**Action item**
Which lines of the entries below run from the one holding "นี่ใช้ไปราวๆ 1 gb" to the one holding "Heute bin ich", inclusive? Set down exactly those lines and no others.

**Records provided**
■ ■ ■

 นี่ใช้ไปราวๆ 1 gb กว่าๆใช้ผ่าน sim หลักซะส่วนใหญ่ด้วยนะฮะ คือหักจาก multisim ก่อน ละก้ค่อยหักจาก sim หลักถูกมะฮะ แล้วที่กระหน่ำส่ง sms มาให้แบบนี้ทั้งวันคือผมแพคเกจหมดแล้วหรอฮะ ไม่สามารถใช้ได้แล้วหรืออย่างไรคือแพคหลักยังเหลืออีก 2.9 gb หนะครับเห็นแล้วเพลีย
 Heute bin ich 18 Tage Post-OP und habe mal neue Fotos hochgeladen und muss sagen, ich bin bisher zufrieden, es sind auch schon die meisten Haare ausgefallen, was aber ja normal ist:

■ ■ ■

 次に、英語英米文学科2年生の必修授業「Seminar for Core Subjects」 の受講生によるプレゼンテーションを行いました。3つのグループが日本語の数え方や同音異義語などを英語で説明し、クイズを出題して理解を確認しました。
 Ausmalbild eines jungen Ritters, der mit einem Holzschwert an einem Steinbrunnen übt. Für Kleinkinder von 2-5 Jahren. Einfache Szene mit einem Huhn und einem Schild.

■ ■ ■

**Output below**
 นี่ใช้ไปราวๆ 1 gb กว่าๆใช้ผ่าน sim หลักซะส่วนใหญ่ด้วยนะฮะ คือหักจาก multisim ก่อน ละก้ค่อยหักจาก sim หลักถูกมะฮะ แล้วที่กระหน่ำส่ง sms มาให้แบบนี้ทั้งวันคือผมแพคเกจหมดแล้วหรอฮะ ไม่สามารถใช้ได้แล้วหรืออย่างไรคือแพคหลักยังเหลืออีก 2.9 gb หนะครับเห็นแล้วเพลีย
 Heute bin ich 18 Tage Post-OP und habe mal neue Fotos hochgeladen und muss sagen, ich bin bisher zufrieden, es sind auch schon die meisten Haare ausgefallen, was aber ja normal ist:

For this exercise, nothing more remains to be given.